For centuries, gardening has become a universal hobby.
But before people began creating a landscape for visual enjoyment alone, let us go back to ancient times when gardens were made more out of necessity i.e. to harvest food and medicine, than anything else.
5 Global Gardening Facts of Yesteryear
Ages ago, people were cultivating gardens for practical reasons such as for food and medicine.
While affluent Egyptians grew acres of vineyards, ingenious Persians, on the other hand, developed underground aqueducts to prevent water from evaporating before reaching the plants.
To see more how gardens have provided our ancestors with their basic needs, our horticulture experts have compiled some global gardening trends through the ages—from Egyptian vineyards to Roman topiaries.
1. Egyptian Wine
Ancient Egyptians planted trees, such as sycamores, date palms, fig trees and pomegranate trees, in rows to provide shade due to the blistering heat.
But the thing that garnered more attention in Egypt was the vineyards that can be often found in wealthy households, where wine was the choice of beverage.
Gardens were seen as a place of worship, and they built temples within them. Plants were symbolic and associated with the various deities.
2. Persian Aqueducts
What is now present-day Iraq once was known for its famous gardens, the most famous of which was the Hanging Gardens of Babylon, built by King Nebuchadnezzar for his beloved wife.
Trees such as Palms and Cypresses were a common sight and often placed on terraces.
Persians were innovators in gardening, the first to build underground aqueducts—used to run the water along the ground-level channel to the gardens.
3. Greek Pots
While Greece is the birthplace of democracy and the Olympics, Ancient Greeks didn’t take as easy gardening as they did to philosophy, art and science.
But they did use plants practically. Mostly to provide shade or food. Some of their gardening practices included orchards and vegetable gardens.
But their biggest contribution was the use of pots for plants, which is now all too common in many British gardens.
4. Roman Topiary
During the ancient Roman times, wealthy households began to create gardens. In which they place next to palaces and villas to display their wealth.

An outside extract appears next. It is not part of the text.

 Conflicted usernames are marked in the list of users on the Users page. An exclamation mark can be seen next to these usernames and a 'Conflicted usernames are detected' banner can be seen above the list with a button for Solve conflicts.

Romans were the masters of topiary, the art of clipping plants into intricate forms. This was used to complement the various statues and sculptures placed on their lawns.

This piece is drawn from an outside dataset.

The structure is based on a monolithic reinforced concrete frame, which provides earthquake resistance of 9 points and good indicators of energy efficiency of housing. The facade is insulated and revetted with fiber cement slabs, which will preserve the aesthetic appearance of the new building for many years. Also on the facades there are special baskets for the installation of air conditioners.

Pools with fountains soon become commonplace in the palaces. While wide varieties of flowers such as poppy, rosemary and violet were grown.

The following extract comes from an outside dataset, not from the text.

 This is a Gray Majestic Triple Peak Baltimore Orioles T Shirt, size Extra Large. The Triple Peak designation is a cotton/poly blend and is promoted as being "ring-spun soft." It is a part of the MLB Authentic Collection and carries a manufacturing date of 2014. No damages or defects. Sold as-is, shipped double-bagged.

Later then, Romans introduced roses, leeks and turnips to the nation after conquering Britain.
5. Medieval Europe
The late 13th century brought a new wave of gardening. Affluent households started to grow gardens for visual enjoyment as opposed to just for medicinal herbs and vegetables.
Walls were often put up surrounding the area as a protection against wild animals but also offered seclusion as gardens were a place for serenity and peace.
On the other hand, Monasteries had gardens dancing along with orchards and vineyards. However, they were not purely functional as monks were encouraged to relax and take in nature in the area.